I'm starting to build up various utilities to help with this kind of thing, but ...

I'm starting to build up various utilities to help with this kind of thing, but I fully agree. The decisions require understanding the business requirements (do I use source X or Y for field 1, what errors are OK, what types of error are worst, etc), but the process of finding some of these could be better.

One simple one is missing data. Missing data is rarely a null, I've seen (on one field, in one dataset):

    N/A
    NA
    " "
    Blank # literally the string "Blank"
    NULL # Again, the string
    No data
    No! Data
    No data was entered for this field
    No data is known
    The data is not known
    There is no data

And many, many more. None can be clearly identified automatically, but some processes like:

Pull out the most common items, manually mark some as "equivalent to blank" and remove.

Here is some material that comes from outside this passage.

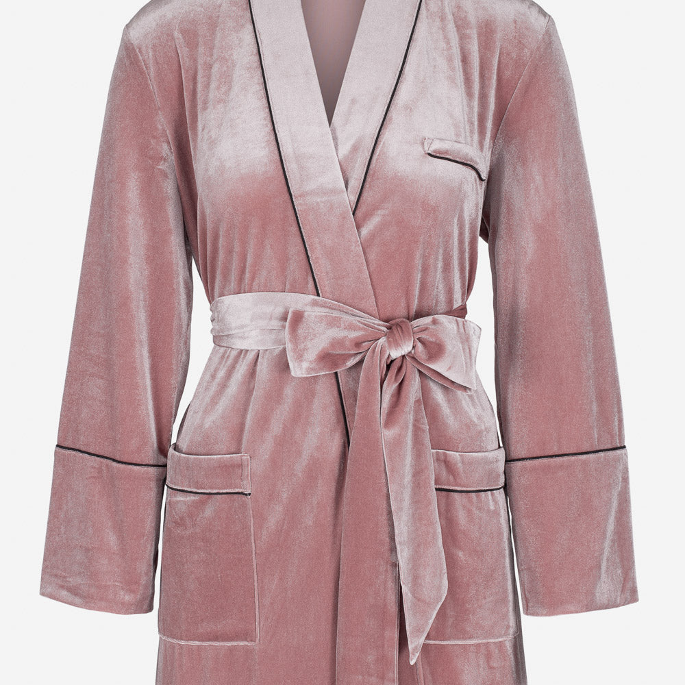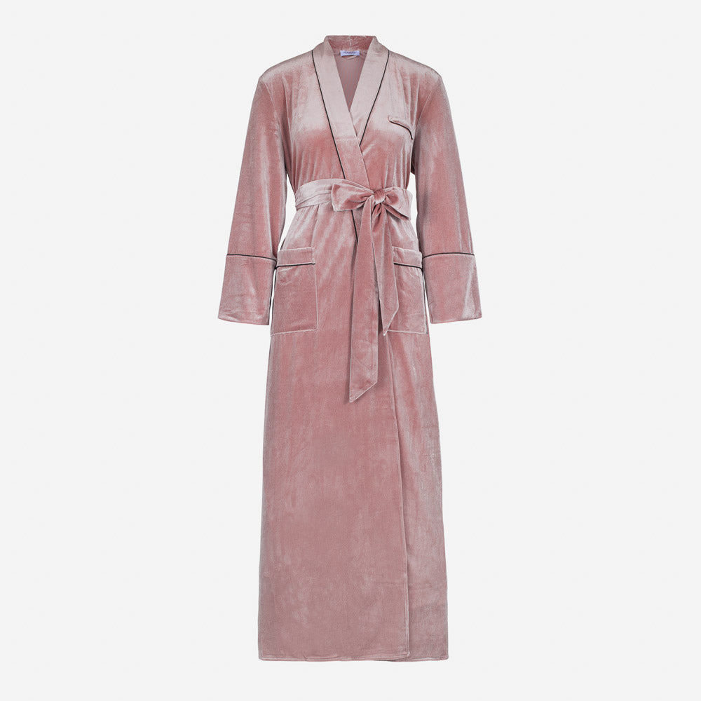 Nydelig fotsid morgenkåpe i fløyel med svarte sateng detaljer og bredt belte i livet. Perfekt til lange morgener og late dager. Morgenkåpen er 143 cm lang
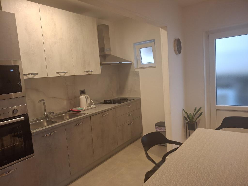Appartamenti climatizzati con vista mare, a soli 200 metri dalla spiaggia principale, 4 minuti a piedi. APPARTAMENTO 2+2 -, confortevole. Appartamento modernamente arredato - 50 m2, camera da letto separata con letto matrimoniale king size e letto estraibile per 2 persone nel soggiorno. APPARTAMENTO 4+1 con 2 camere da letto, ampio soggiorno con letto estraibile per 1 persona-bambino. Adatto a famiglie e coppie. Completamente climatizzato, 3 unità di aria condizionata. APPARTAMENTO 3 confortevole appartamento per 2-3 persone con balcone - vista spettacolare sul mare e sulle isole. Nella zona circostante ci sono ristoranti, parcheggio accanto alla casa.

Identify common substrings with known text (N/A, NULL, etc) and bring up those examples.

Are useful, I'd like to extend with more clustering and analysis to bring out other common general issues but rare specific issues. Lots of similar things with encodings, etc. too.

Other things that might be good are clearer ways I could supply general conditions I expect to hold true, then bring the most egregious ones to my attention so I can either clear out / deal with them in some way. A good way of recording issues that have already been analysed and found to be OK would be great too.